We live today on a crowded and polluted planet where population control has become our single most important problem. Every five days there are one million more persons on earth. Even with the much- heralded dip in the United States birthrate, our own country added almost 1.5 million persons to its numbers last year, some through immigration, but most through added births. The reality of overpopulation confronts almost every country, yet in much of the world contraception remains limited, sterilization unavailable, and abortion illegal.

Chapter Twelve: Do we belong in the Kitchen?

PREGNANCY IS NOT something you do; it is something that happens to you.

Far too often pregnancy has been compulsory, and its limited emergence as an elective already is shaking society. That the women's liberation movement in America coexists with a drop in the birthrate is not coincidence. True equality for all women will have as its immediate by-product a drop in the number of births. Real freedom to control reproduction will change the world because women never wanted all those babies-they had them because they couldn't help it.

When most cultures regard women as breeding machines, and most of the world does just that, of course populations will grow. When you are brought up not to please yourself, but to please men, naturally you are going to breed. Left to be free you might use your creativity to be a composer or inventor or architect, but if the role that is forced on you is that of wife and mother, you must be very strong indeed to overthrow tradition. When in school you are steered toward home economics or typing, and to become a cheerleader is the begin-all, end-all of existence, of course you are going to turn out to be a breeder. If cheering on the men rather than achieving things yourself is what you are judged by, then quite naturally you will fall into the pregnancy trap.

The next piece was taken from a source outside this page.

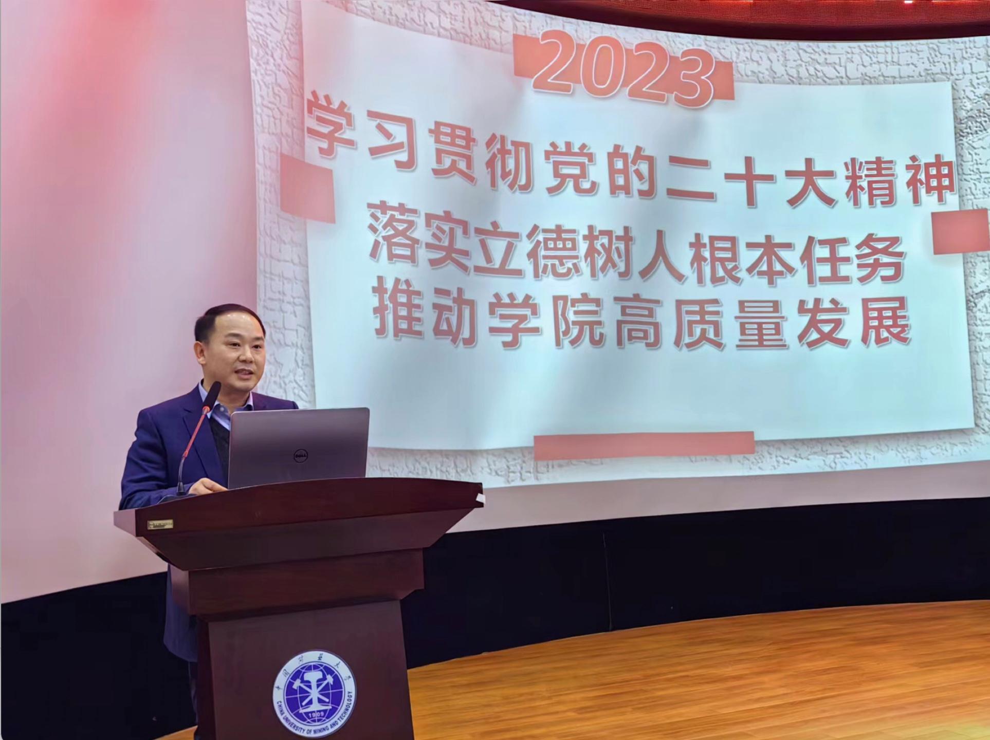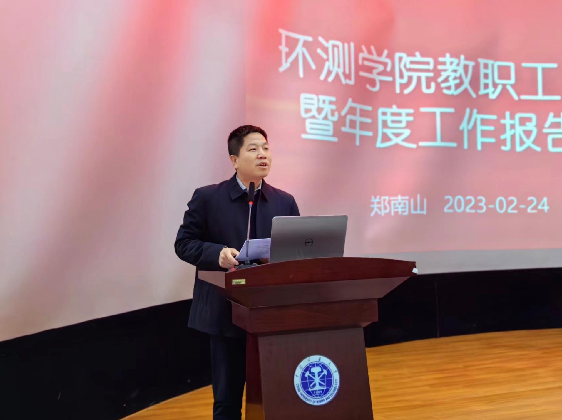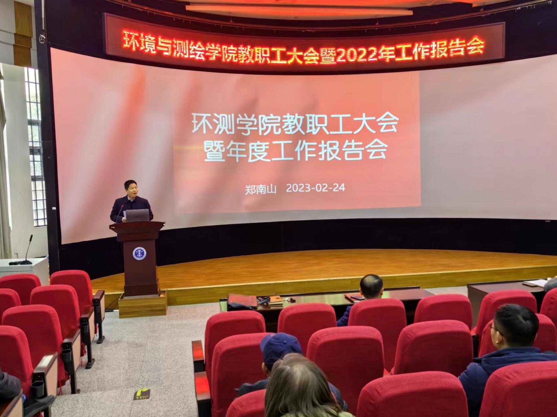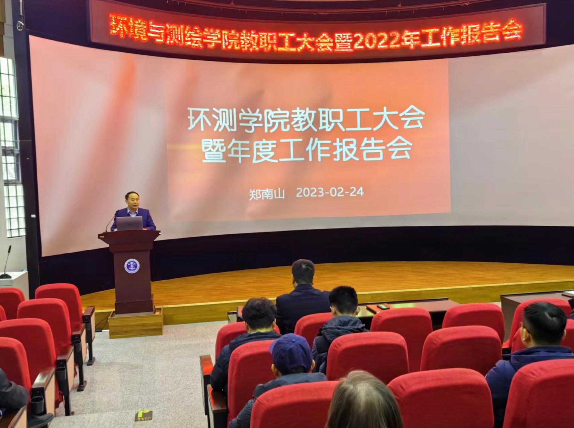 执行院长郑南山向全体与会师生报告了2022年度学院工作,主要从人才培养、科学研究、学科建设、师资队伍、开放办学、党建引领、学生工作、安全服务等方面予以汇报。此外,院党委书记王守刚对本次会议内容进行了总结与补充,并希望全体与会教职工不忘初心、牢记使命,奋发图强,为推动学院发展做出更大贡献。

In the United States we are taking the first steps toward a society that will see women as persons, not sex objects. We are moving toward a society that will give women equal opportunities in the professions and trades, where the criterion for employment will be ability, not sex. Such a society will produce happier women and men. Such a society will produce fewer children, but such children will be treasured because they will not be accidents, or duties, or someone else's expectations--they will be wanted children.

Feminist and author Elizabeth Janeway, who always has something thoughtful to say, addressed the annual meeting of the National Abortion Rights Action League (NARAL) in Washington D.C. in October, 1973. Commenting on the possibility of the United States Supreme Court decision on abortion being overthrown, Ms Janeway concluded: "If we lose this one, we belong in the kitchen."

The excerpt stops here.